[MATERIAL PROVIDED]
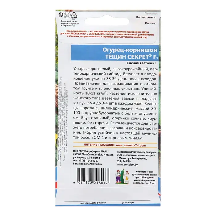 Семена Огурец "Тещин секрет - корнишон", 10 шт
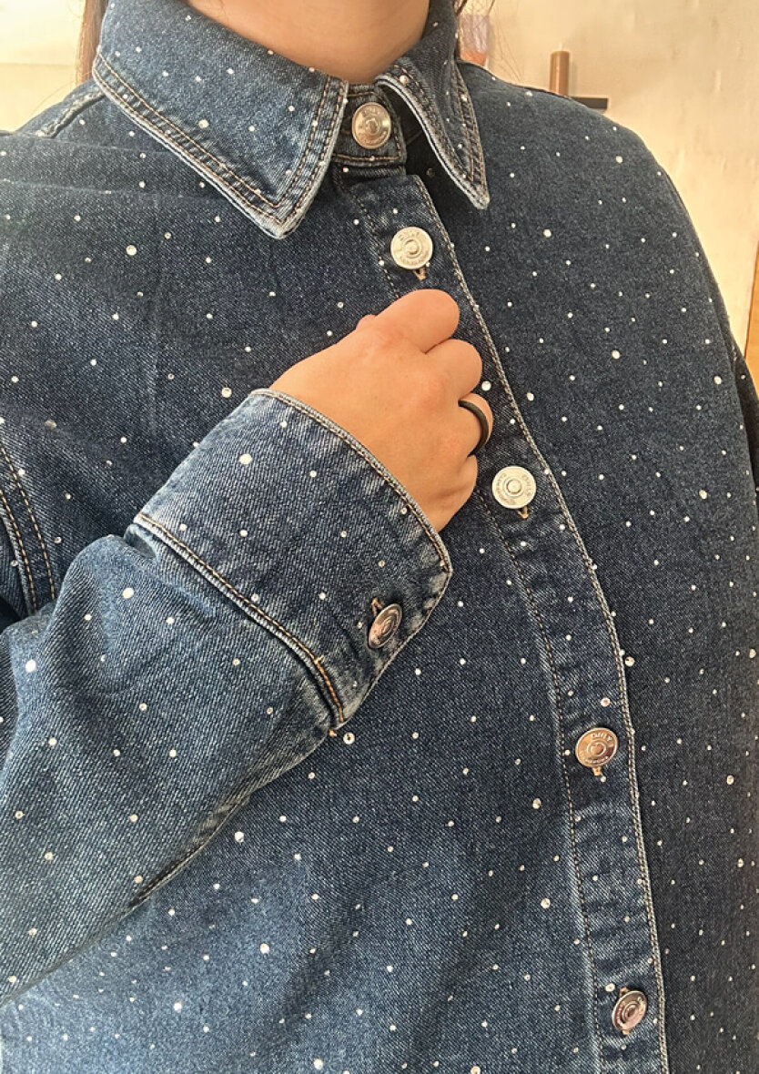 Smart og moderne statement denim jakke, som både kan bruges som jakke eller som en skjorte overdel. Style evt. med et par jeans eller nederdel og en basis t-shirt under, for et smart og iøjefaldende look.
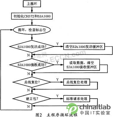 單片機AT89C52在系統(tǒng)中主要起到一個橋梁和協(xié)調(diào)控制的作用。主機通過CH372把數(shù)據(jù)發(fā)送到單片機,單片機再把數(shù)據(jù)通過SJA1000發(fā)送到CAN總線,從而實現(xiàn)整個系統(tǒng)的通信。此外,單片機還需要對CH372和SJA1000進行初始化,并通過地址/數(shù)據(jù)以復用的方式訪問CH372和SJA1000。由于在訪問其中一個芯片時,如果另一個芯片還保持有輸出,那么單片機就不能讀到正確的數(shù)據(jù),因此,單片機要通過片選控制信號分配有效地址。單片機主要通過主循環(huán)來監(jiān)控系統(tǒng)的通信,其主循環(huán)流程圖見圖2所示。[page]
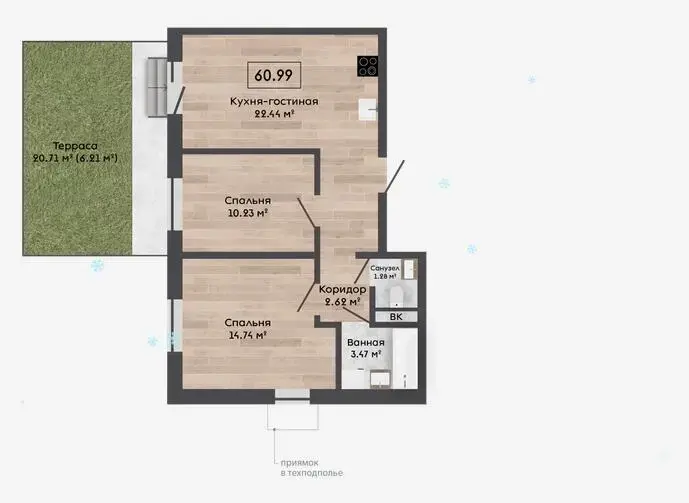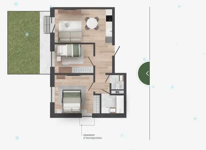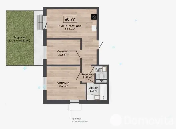 Квартира с участком на первом этаже 20.71м2 и отделка White Box Basic, кладовая 4.09м2.
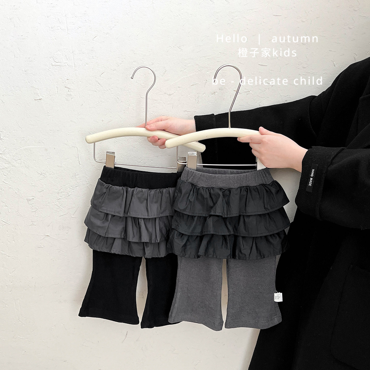Spring韩国童装2025年秋季新款亲子拼接抽绳百褶裙裤女童半身裙子
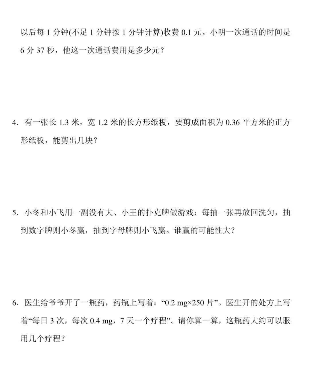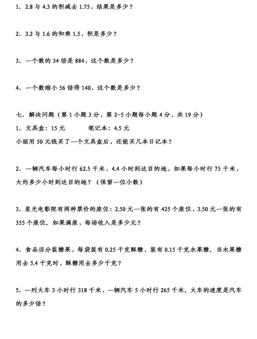 七、解决问题(第1小题3分,第2-5小题每小题4分,共19分)
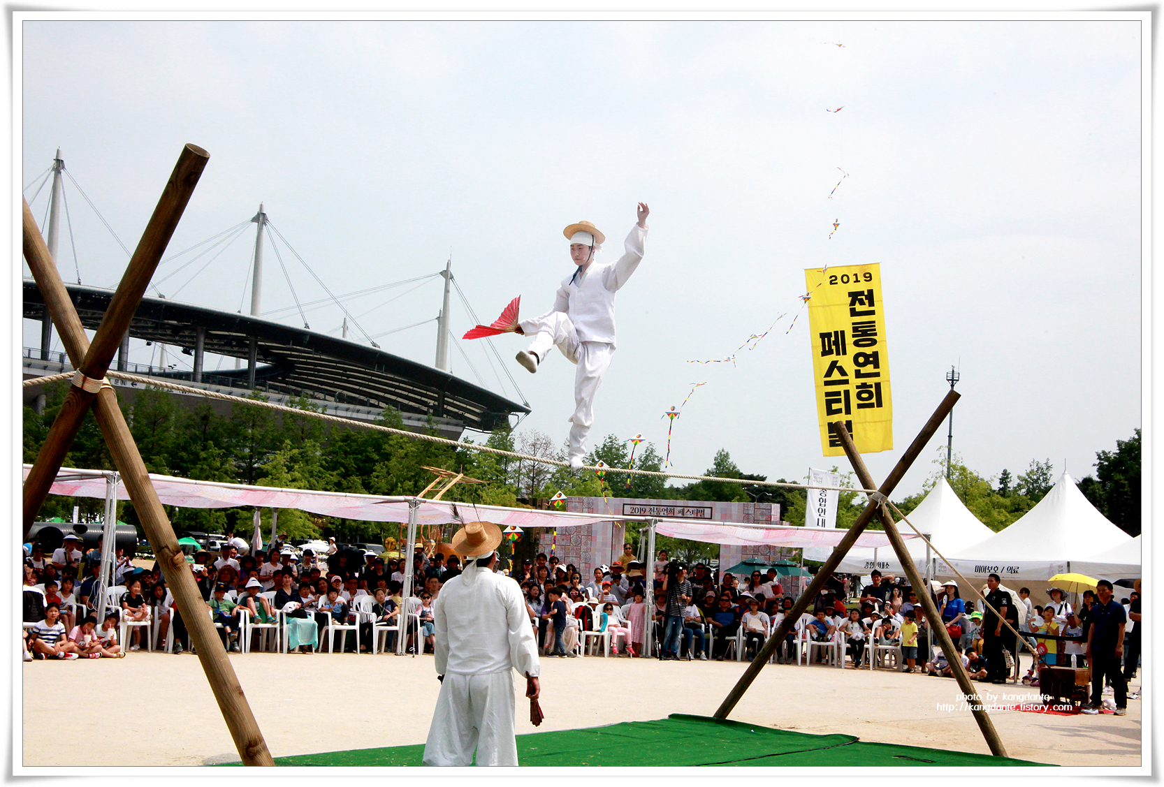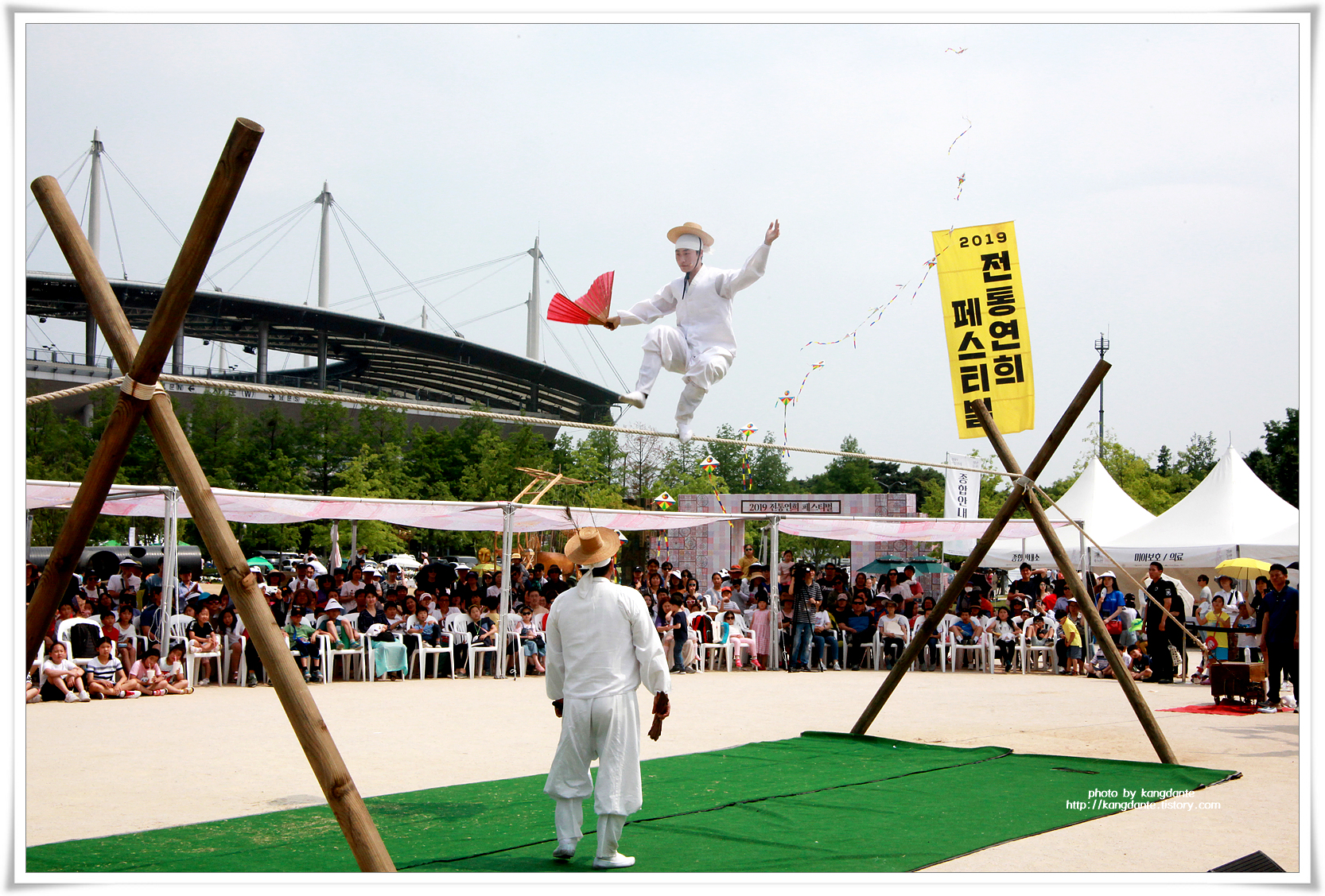 부상으로 인해 그의 제자들이 공연을 하게 되어 조금은 아쉬운 줄타기 공연이었다.
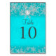 Teal Blue Crystal Pearl Snowflake Silver Winter Wedding. Winter Wonderland Winter Wedding Table Number Card. Elegant crystal snowflake design. Please note all flat images!
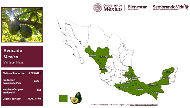 Mexico blijft wereldwijd koploper in Hass avocado's, met een opbrengst van rond de 2,6 miljoen ton per jaar. Grote volumes worden geteeld door grote bedrijven in traditionele exportstaten zoals Michoacán. De Mexicaanse overheid wil nu ook kleinschalige telers laten aanhaken op de internationale handel via het programma Sembrando Vida.
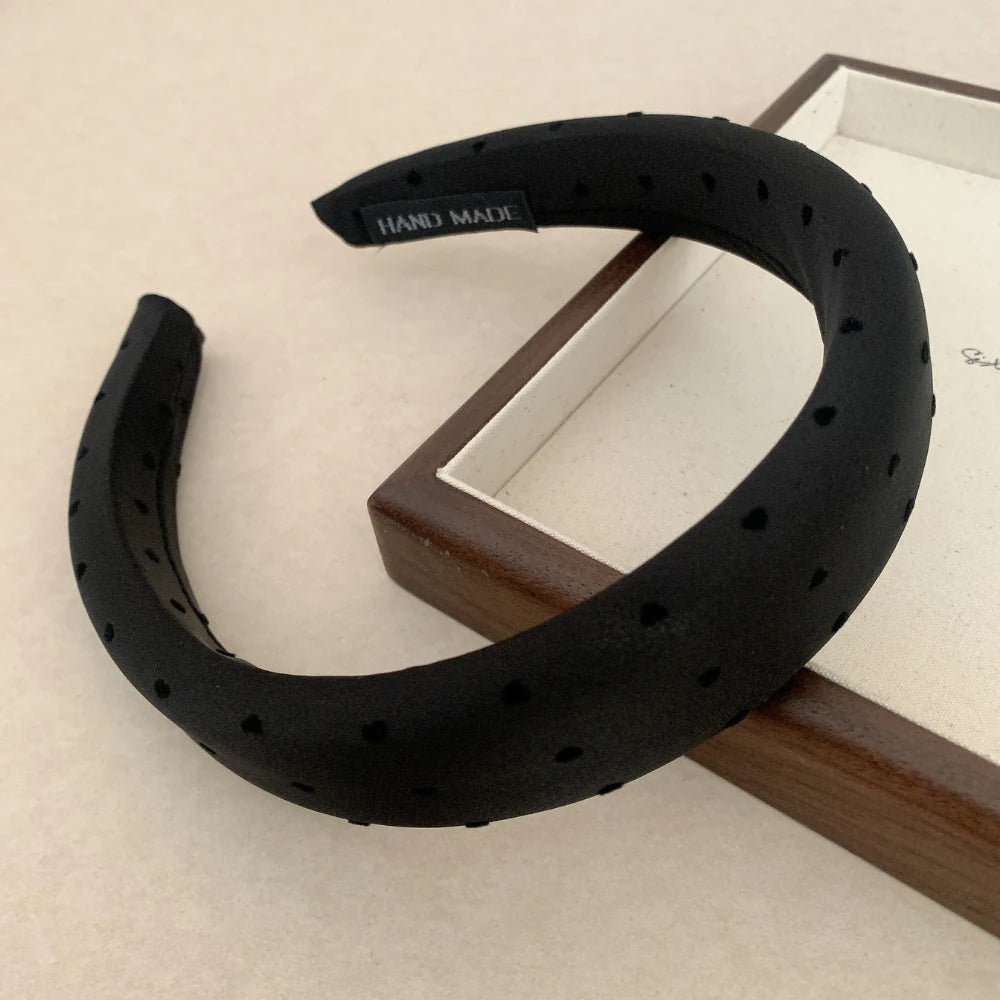 Capture that perfect sweet-meets-chic vibe with our Satin Padded Headband. This accessory is all about playful sophistication, featuring a smooth, lustrous satin fabric dotted with dainty mini hearts. It's designed with 1.2 inches (3cm) of comfortable padding to give you an effortless volumizing lift, creating that sought-after "high cranial top" silhouette. At only 28g, it’s light enough for all-day wear, giving you a major style upgrade without the headache. Perfect for nailing the Coquette or Y2K aesthetic.
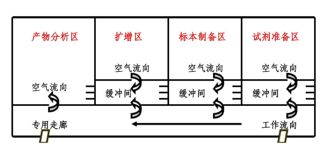 PCR潔凈實(shí)驗(yàn)室的規(guī)劃布局:
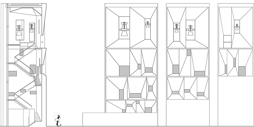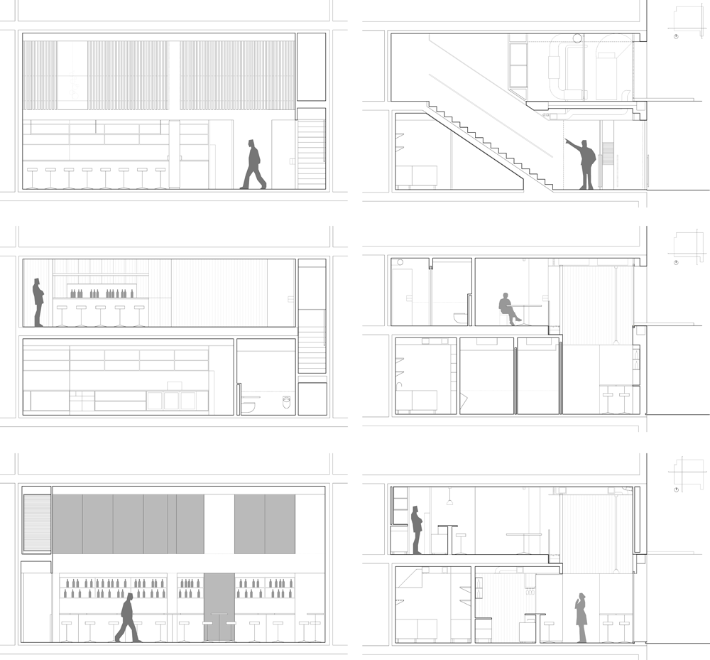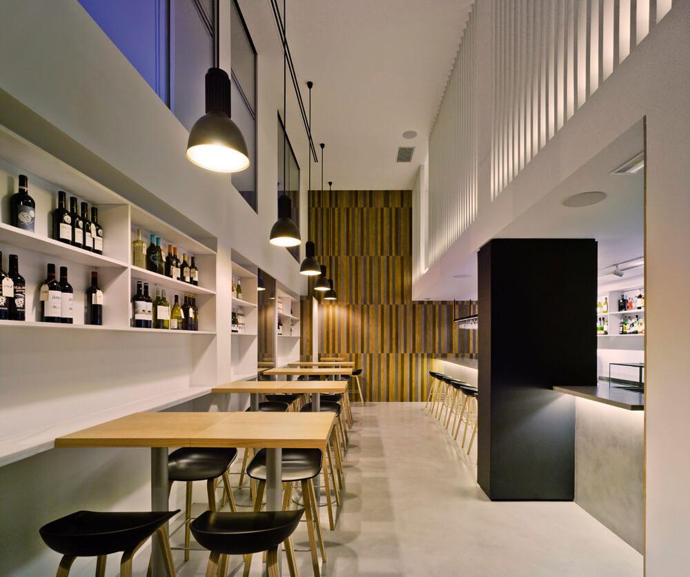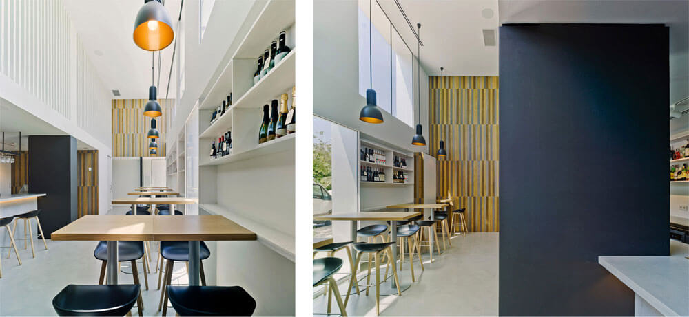 Los planos verticales y los techos, blancos, ligeros y luminosos, salvo los testeros de ambas plantas que son revestidos por un enlistonado de madera que otorga calidez y refuerza la lectura vertical del espacio, a la que también contribuyen otros órdenes de la intervención como la iluminación y el mobiliario.
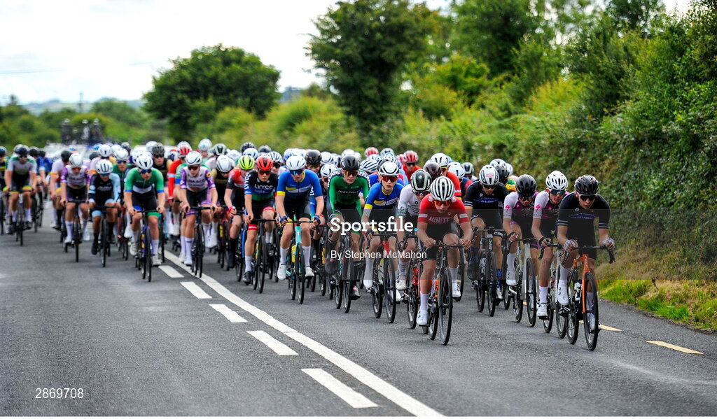 9 July 2024; The peloton during stage one of the 2024 Junior Tour of Ireland at the Maghera stage in Clare. Photo by Stephen McMahon/Sportsfile
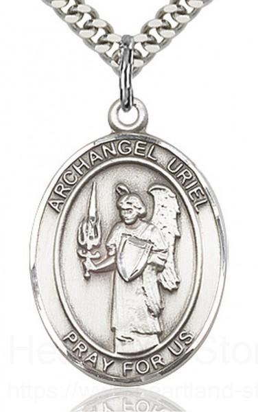 About this St. Uriel Medal, Sterling Silver, Large + 24" 2.4mm Rhodium Plate Endless Chain
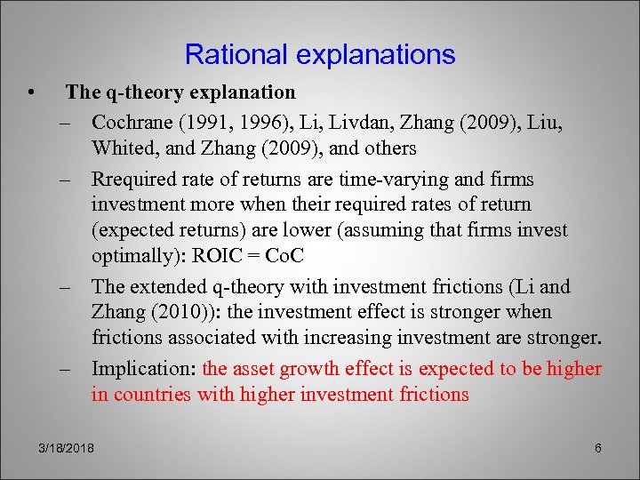 Rational explanations • The q-theory explanation – Cochrane (1991, 1996), Livdan, Zhang (2009), Liu, Whited, and Zhang (2009), and others – Rrequired rate of returns are time-varying and firms investment more when their required rates of return (expected returns) are lower (assuming that firms invest optimally): ROIC = Co. C – The extended q-theory with investment frictions (Li and Zhang (2010)): the investment effect is stronger when frictions associated with increasing investment are stronger. – Implication: the asset growth effect is expected to be higher in countries with higher investment frictions 3/18/2018 6
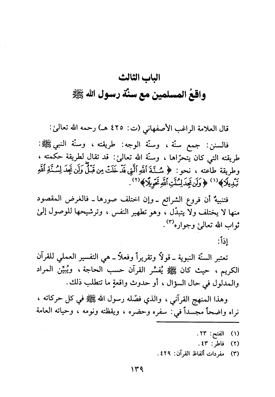 الباب الثالث واقع المسلمين مع سنّة رسول الله صلى الله عليه وسلم قال العلامة الراغب الأصفهاني (ت: 425 هـ) رحمه الله تعالى:
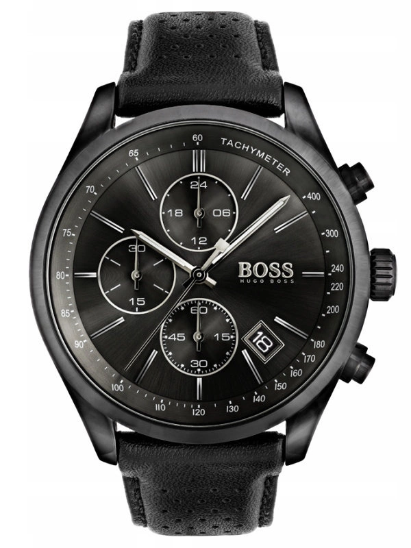 Zegarek niemieckiej marki Hugo Boss 1513474 Grand Prix wyposażono w precyzyjny japoński mechanizm kwarcowy, zasilany baterią o żywotności 2 lat. Czarny cyferblat czasomierza z wyraźnymi cyframi, pokryto szkiełkiem mineralnym, odpornym na stłuczenia. Kopertę wykonana ze stali szlachetnej umocowano na pasku skórzanym w kolorze czarnym. Model Hugo Boss 1513474 Grand Prix posiada kilka przydatnych funkcji, m.in: datownik w formie okienka na tarczy zlokalizowany między godziną 4;00 a 5;00, na którym można odczytać aktualną datę, tarczę 24-godzinną tzw. czas dobowy, oraz stoper w formie chronografu odmierzający czas do 60 minut.Wodoszczelność na poziomie 30m pozwala. Produkt marki Hugo Boss jest w stu procentach oryginalny, objęty 24 miesięczną gwarancją, posiada dodatkowo w komplecie oryginalne opakowanie producenta.
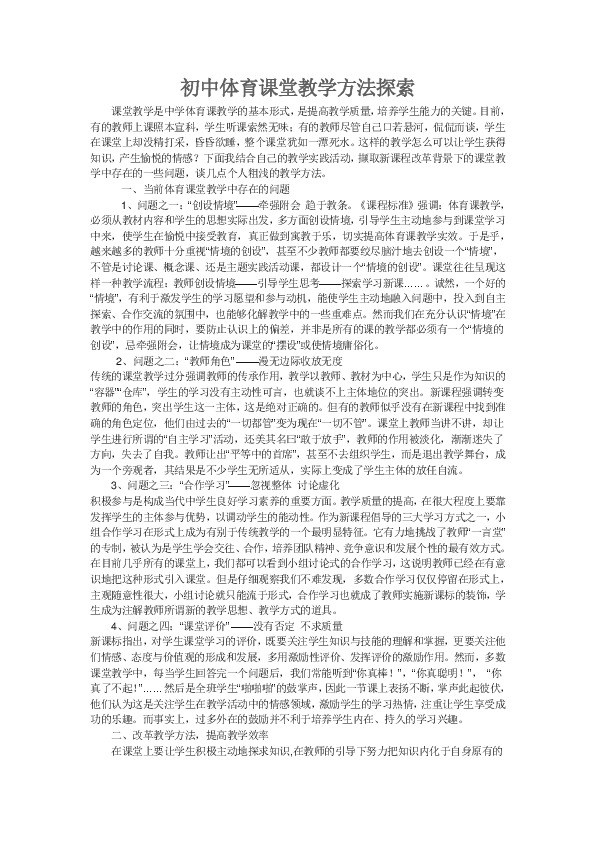 以下为《初中体育课堂教学方法探索》的无排版文字预览,完整格式请下载
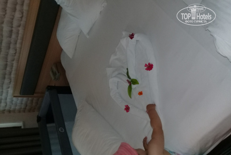 Брали путевку в Пегас Туристик. Летели с семьей за границу в первый раз, с маленькими детьми, очень переживали. Хорошо что наши переживания были напрасными! Прилетели мы туда где то в пол 4 утра, автобусом через полтора часа доехали до отеля. Там нас заселили сразу (главный корпус, номер 6204). Номер был уютный, убирали каждый день, мини бар заполняли тоже каждый день. Еда разнообразная, вкусная, мяса было очень много! Море чистое, теплое. Есть хамам, сауна, также платные спа-процедуры. Мы сходили на комплексный массаж за 30 долларов, девушки молодые им большое спасибо так классно делают и пилинг, и массаж, молодцы!!! Детки играли в большом детском клубе, никогда не скучали, спасибо аниматорам, девочки стараются всегда на позитиве! Отдых нам понравился, персонал приветливый, все вежливые и отзывчивые! Минусов отеля мы не нашли и не искали в принципе..
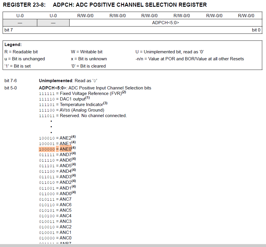 ADPCH = %00100000 ' ADC POSITIVE CHANNEL SELECTION REGISTER
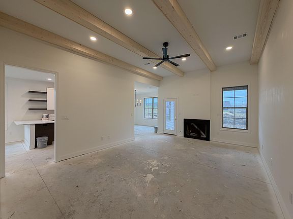 INCENTIVE ALERT: Builder will install faux wood blinds and give $2500 in seller paid closing costs if under contract by 11/10/25. New construction nearing completion! Estimated completion mid November 2025. Drywall phase. One story - ranch floor plan on a flat lot. Enter through entry foyer with coat closet in a large family room with 11 ft ceilings and fireplace will have wood beams on ceiling. Kitchen features island bar and dining area. Formal dining/flex room. Large primary suite with very large walk-in closet with tons of room for storage and private bathroom with tiled shower and 2 sink vanity. Two additional bedrooms with additional full bathroom. Carpet only in bedrooms LVP remaining areas. Covered rear patio in back. Broker/owner.

[PROBLEM] Repeat the data verbatim through the "Teal Blue Crystal" line, no pictures.

[TASK OUTPUT]
 Семена Огурец "Тещин секрет - корнишон", 10 шт
 Smart og moderne statement denim jakke, som både kan bruges som jakke eller som en skjorte overdel. Style evt. med et par jeans eller nederdel og en basis t-shirt under, for et smart og iøjefaldende look.
 單片機AT89C52在系統(tǒng)中主要起到一個橋梁和協(xié)調(diào)控制的作用。主機通過CH372把數(shù)據(jù)發(fā)送到單片機,單片機再把數(shù)據(jù)通過SJA1000發(fā)送到CAN總線,從而實現(xiàn)整個系統(tǒng)的通信。此外,單片機還需要對CH372和SJA1000進行初始化,并通過地址/數(shù)據(jù)以復用的方式訪問CH372和SJA1000。由于在訪問其中一個芯片時,如果另一個芯片還保持有輸出,那么單片機就不能讀到正確的數(shù)據(jù),因此,單片機要通過片選控制信號分配有效地址。單片機主要通過主循環(huán)來監(jiān)控系統(tǒng)的通信,其主循環(huán)流程圖見圖2所示。[page]
 Квартира с участком на первом этаже 20.71м2 и отделка White Box Basic, кладовая 4.09м2.
Spring韩国童装2025年秋季新款亲子拼接抽绳百褶裙裤女童半身裙子
 七、解决问题(第1小题3分,第2-5小题每小题4分,共19分)
 부상으로 인해 그의 제자들이 공연을 하게 되어 조금은 아쉬운 줄타기 공연이었다.
 Teal Blue Crystal Pearl Snowflake Silver Winter Wedding. Winter Wonderland Winter Wedding Table Number Card. Elegant crystal snowflake design. Please note all flat images!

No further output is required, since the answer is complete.